• [Work instruction] Omit all pictures and give the records below again exactly as written.

(Records excerpted from a collection)
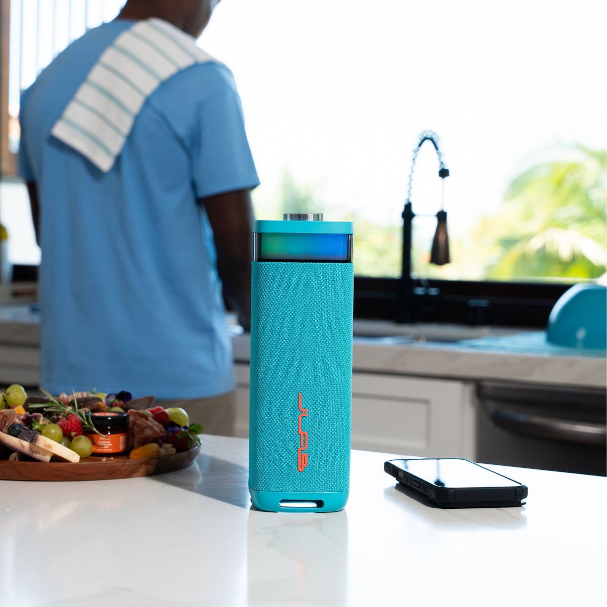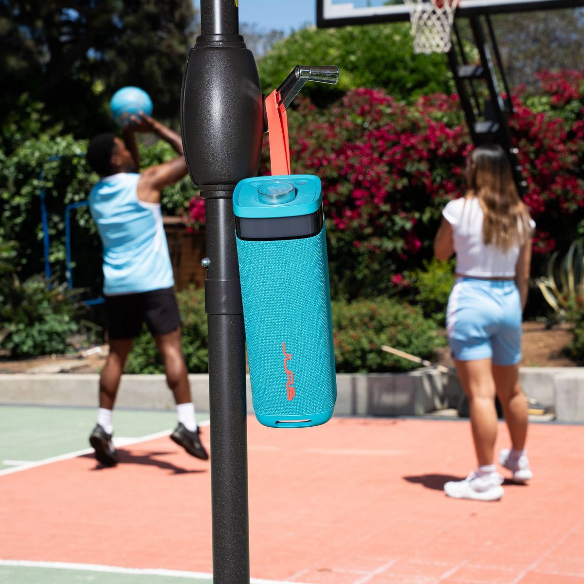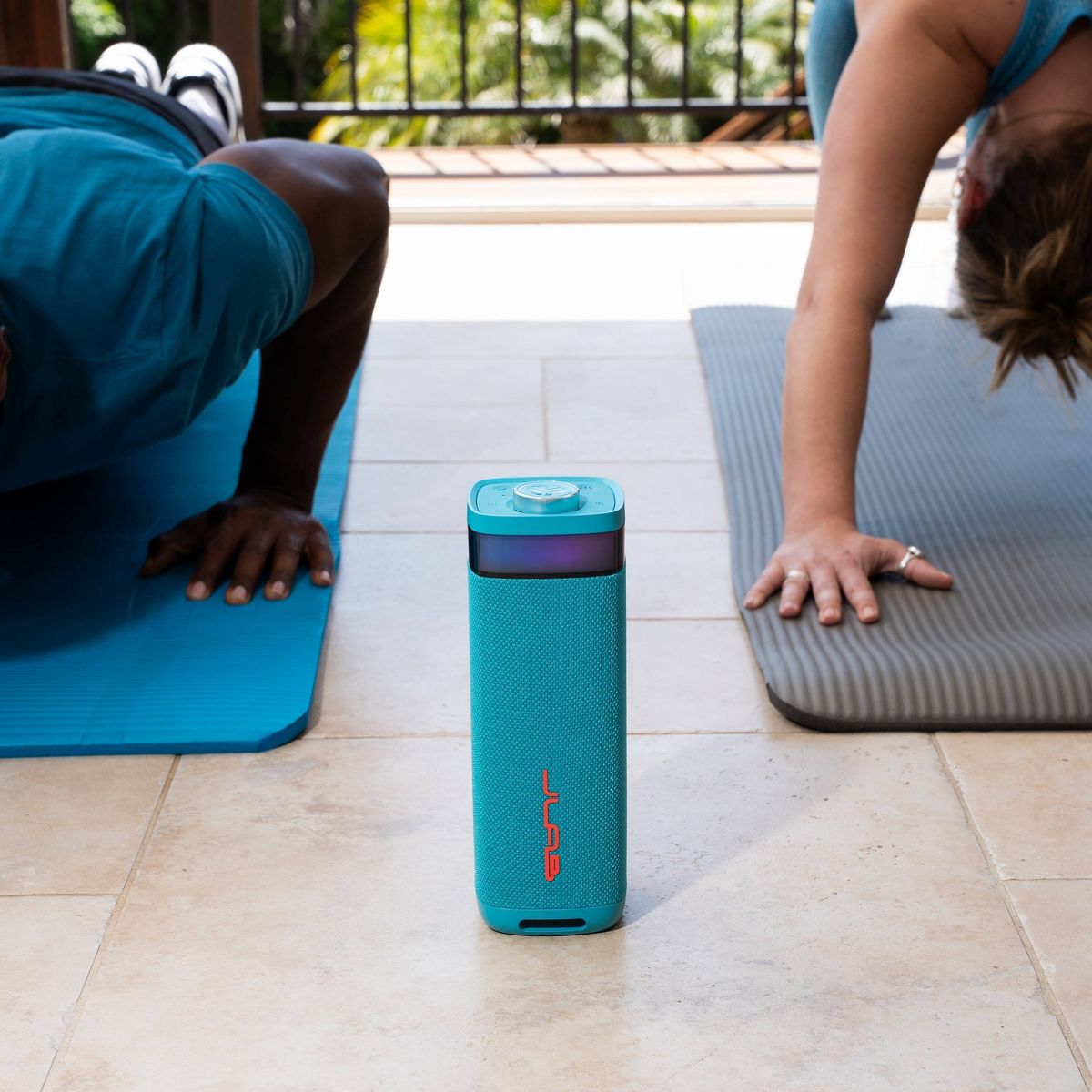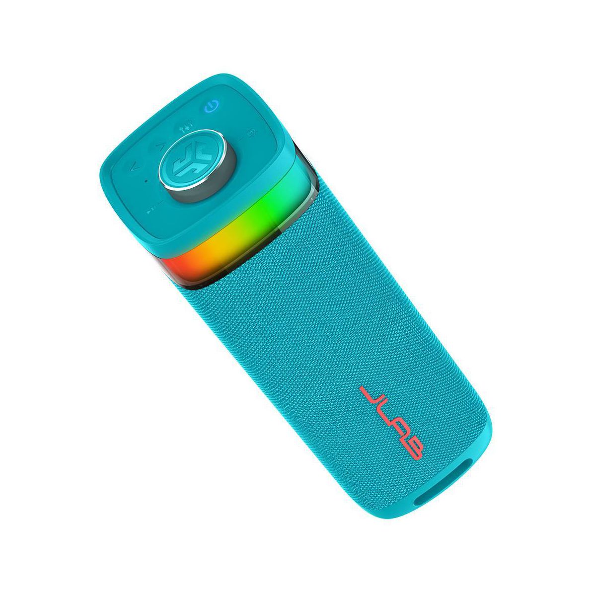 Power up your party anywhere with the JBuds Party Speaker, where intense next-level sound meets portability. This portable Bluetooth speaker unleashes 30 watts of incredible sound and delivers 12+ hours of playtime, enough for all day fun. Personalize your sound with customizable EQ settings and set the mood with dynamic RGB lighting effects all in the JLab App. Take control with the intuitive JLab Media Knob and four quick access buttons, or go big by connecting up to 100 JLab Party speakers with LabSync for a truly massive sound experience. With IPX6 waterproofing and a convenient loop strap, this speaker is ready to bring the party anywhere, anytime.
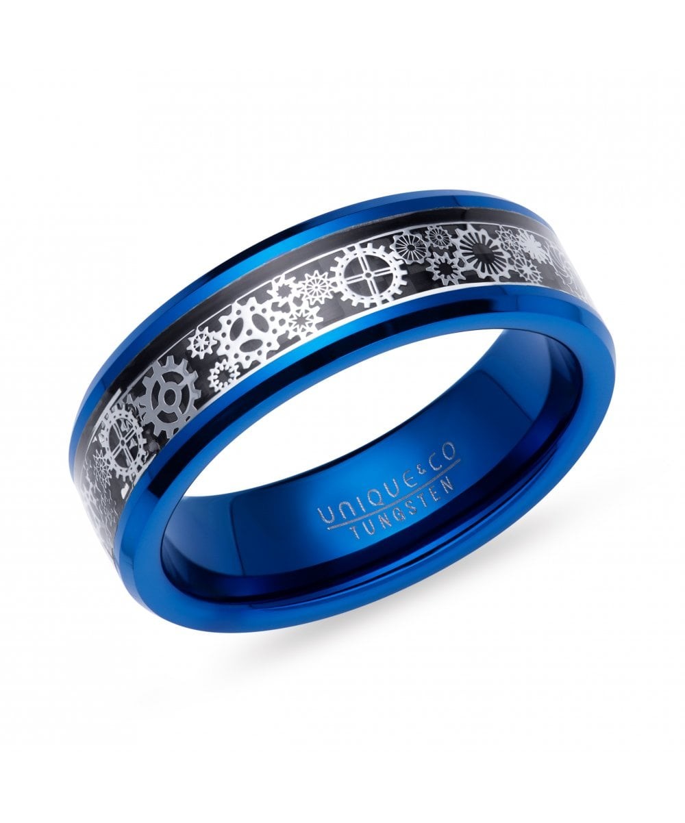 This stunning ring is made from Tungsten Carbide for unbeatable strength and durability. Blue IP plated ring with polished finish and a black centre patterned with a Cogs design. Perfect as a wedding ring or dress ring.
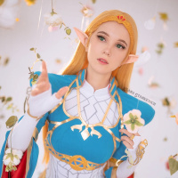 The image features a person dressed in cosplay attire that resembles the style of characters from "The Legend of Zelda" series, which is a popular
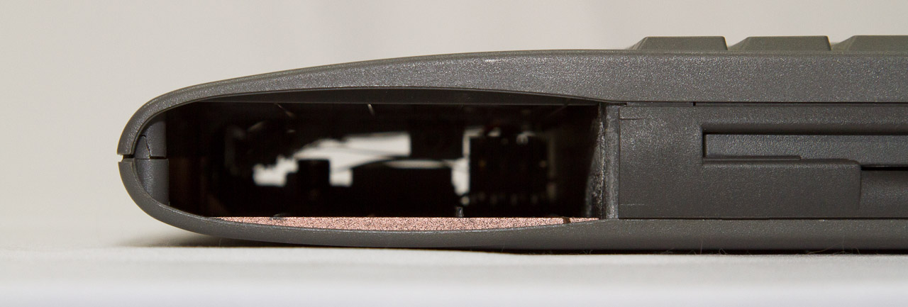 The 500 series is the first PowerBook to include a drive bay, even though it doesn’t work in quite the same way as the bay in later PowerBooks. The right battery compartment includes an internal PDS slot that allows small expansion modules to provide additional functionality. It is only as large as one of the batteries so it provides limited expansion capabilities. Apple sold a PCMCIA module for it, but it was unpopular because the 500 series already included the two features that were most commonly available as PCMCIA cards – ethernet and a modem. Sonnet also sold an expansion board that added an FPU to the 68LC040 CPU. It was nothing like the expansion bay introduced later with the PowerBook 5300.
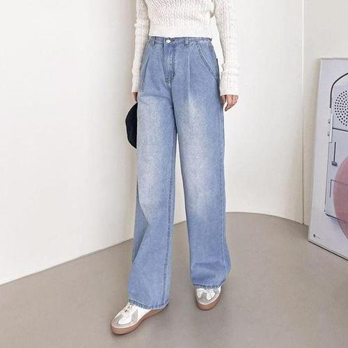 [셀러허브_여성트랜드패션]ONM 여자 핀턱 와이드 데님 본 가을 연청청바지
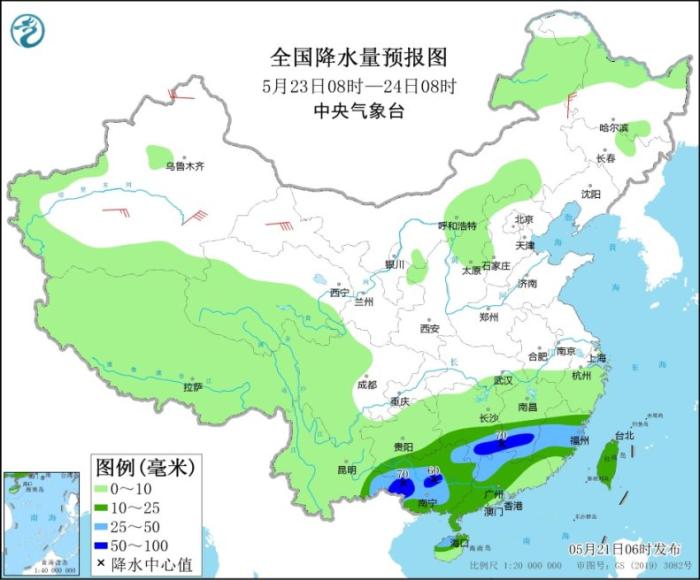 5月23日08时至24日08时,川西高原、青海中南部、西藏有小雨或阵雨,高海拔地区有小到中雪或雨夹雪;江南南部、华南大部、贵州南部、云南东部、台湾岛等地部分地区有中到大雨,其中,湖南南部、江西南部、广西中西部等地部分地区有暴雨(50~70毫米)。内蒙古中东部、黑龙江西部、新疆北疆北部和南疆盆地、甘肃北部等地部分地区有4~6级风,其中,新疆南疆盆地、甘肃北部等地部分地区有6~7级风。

• [Response area]
 Power up your party anywhere with the JBuds Party Speaker, where intense next-level sound meets portability. This portable Bluetooth speaker unleashes 30 watts of incredible sound and delivers 12+ hours of playtime, enough for all day fun. Personalize your sound with customizable EQ settings and set the mood with dynamic RGB lighting effects all in the JLab App. Take control with the intuitive JLab Media Knob and four quick access buttons, or go big by connecting up to 100 JLab Party speakers with LabSync for a truly massive sound experience. With IPX6 waterproofing and a convenient loop strap, this speaker is ready to bring the party anywhere, anytime.
 This stunning ring is made from Tungsten Carbide for unbeatable strength and durability. Blue IP plated ring with polished finish and a black centre patterned with a Cogs design. Perfect as a wedding ring or dress ring.
 The image features a person dressed in cosplay attire that resembles the style of characters from "The Legend of Zelda" series, which is a popular
 The 500 series is the first PowerBook to include a drive bay, even though it doesn’t work in quite the same way as the bay in later PowerBooks. The right battery compartment includes an internal PDS slot that allows small expansion modules to provide additional functionality. It is only as large as one of the batteries so it provides limited expansion capabilities. Apple sold a PCMCIA module for it, but it was unpopular because the 500 series already included the two features that were most commonly available as PCMCIA cards – ethernet and a modem. Sonnet also sold an expansion board that added an FPU to the 68LC040 CPU. It was nothing like the expansion bay introduced later with the PowerBook 5300.
 [셀러허브_여성트랜드패션]ONM 여자 핀턱 와이드 데님 본 가을 연청청바지
 5月23日08时至24日08时,川西高原、青海中南部、西藏有小雨或阵雨,高海拔地区有小到中雪或雨夹雪;江南南部、华南大部、贵州南部、云南东部、台湾岛等地部分地区有中到大雨,其中,湖南南部、江西南部、广西中西部等地部分地区有暴雨(50~70毫米)。内蒙古中东部、黑龙江西部、新疆北疆北部和南疆盆地、甘肃北部等地部分地区有4~6级风,其中,新疆南疆盆地、甘肃北部等地部分地区有6~7级风。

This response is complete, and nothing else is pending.